Saturday, April 29, 2006

Retrieving the content of a blog site: finding the right crawler.

A Web crawler is a program that scans parts of the web in search for information. the crawler can be used to retrieve accessible information from a site, build a navigation index, or search for a particular element.

Our current goal lies in the full retrieval of a blog site's content, that of Slashdot in particular. We would like to store the content of Slashdot on an offline drive, parse it, and analyze the inherent structure of links. Then we will try to visualize this structure in a dynamic manner using a Radial Tree.

The current crawlers that we considering are WIRE andGNU Wget. There is also the BAILANDO Project at Berkeley where some developed tools such those of the WebTANGO sub-project could be of great use. WebTango has an online crawling tool that is currently not working, but its site announces its return in a few days....

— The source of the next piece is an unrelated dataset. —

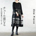 ワンピース チュニック チュール重なる大人の甘辛ワンピース ブラック 異素材 春 秋 冬 秋冬 柄 シック モノトーン フェミニン クール モード エレガントー1/17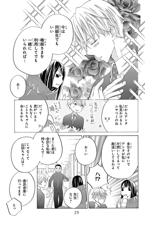 主人公・山田ことりは平凡な女の子。一方子どもの頃からの幼馴染である菊若椿姫は赤いバラのような高貴な美女。ふたりでいるとみんな椿姫に注目し、ことりの存在は気付かれずにぶつかられてしまう始末……。しかしことりは全く意に介さず、それどころか友人の美しさを認め「近くにいられて眼福!」と思うほど。そんなことりの心の綺麗さに、読んでいるこちらも心が洗われる。

The thing is that we need first to differentiate between the blog's infomative content, such as posts and comments, and other stuff such as links, advertisement, and admin functions. Parsing RSS might be of great help since RSS syndicates the content in a more structured manner than HTML. RSS feeds are usually devoted for informative content only, but that remains to be tested.

The first steps that we are taking is to identify the source of informative content to be crawled, here RSS is a primary candidate, then we need to identify the method for crawling, or in other words the crawler to be used for content retrieval.